Fixing up Scanned PDFs

Contents

  1. Requirements
  2. Steps
    1. Convert Scanned PDF(s) to Images
    2. Make It Pretty
    3. Recognize Text

1. Requirements

Install the following tools:

imagemagick
pdfsandwich
scantailor

You probably already have imagemagick.

Say you have a scanned PDF file scan.pdf. Move it to a new directory and go to that directory.

2. Steps

Assume we have one or more PDFs in a directory /path/to/scan/.

2.1. Convert Scanned PDF(s) to Images

First we must get some images from the scanned PDF.

Option 1: pdfimages. Try running:

ls -U | grep -a -e '\.[Pp][Dd][Ff]$' | \
while read -r f
do
  g=$(printf '%s' "$f" | sed -e 's/\.[^.]*$//')
  pdfimages "$f" "$g"
done

The output images are in .pbm or .ppm format, depending on if they have color or not.

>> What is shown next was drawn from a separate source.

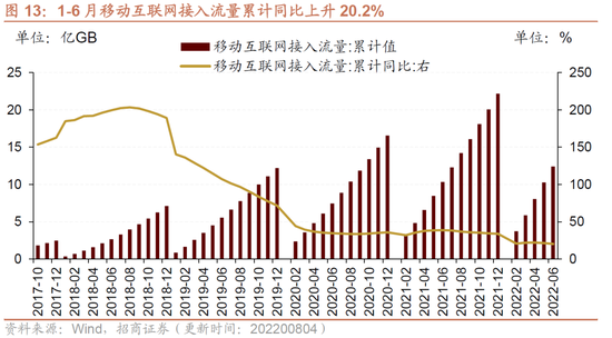 6月移动互联网接入月户均流量同比继续上行。6月移动互联网接入月户均流量为15,247.36MB,同比上升10.13%,较上月环比下行4.37%;1-6月移动互联网接入流量累计值为1241.0亿GB,累计同比上升20.2%,较上月增幅缩窄了1.2个百分点。

Take a look at these images, if they are not 1 image per page, then you'll have to do option 2.

The tool we use in the next step does not recognize Netpbm formats, so convert the images to .png files.

ls -U | grep -a -e '\.p[bp]m$' | \
while read -r f
do
  g=$(printf '%s' "$f" | sed -e 's/\.[^.]*$//')
  pnmtopng "$f" > "$g".png
done

Option 2: imagemagick. This option takes a longer time and will not correlate exactly with the original scan.

ls -U | grep -a -e '\.[Pp][Dd][Ff]$' | \
while read -r f
do
  g=$(printf '%s' "$f" | sed -e 's/\.[^.]*$//')
  convert -density 400 "$f" "$g".png
done

2.2. Make It Pretty

Run scantailor and create a new project in the directory with all of the .png files. Let the output directory be out/. This tool lets you reorient the pages, split them, make text darker, etc. It is very helpful for file size and OCR.

After fixing up the formatting and exporting, stitch together the output images into all.pdf.

{ ls -v out/*.tif ; echo all.tif ; } | xargs -d '\n' tiffcp
tiff2pdf -o all.pdf -u m -p "letter" -F all.tif

You can also specify a title and author for the PDF using the -t and -a flags respectively.

2.3. Recognize Text

Here we use the pdfsandwich tool to do OCR. This runs tesseract in the background using multiple processes if available. Just run the following command to make a (hopefully) text-searchable final.pdf.

pdfsandwich -o final.pdf all.pdf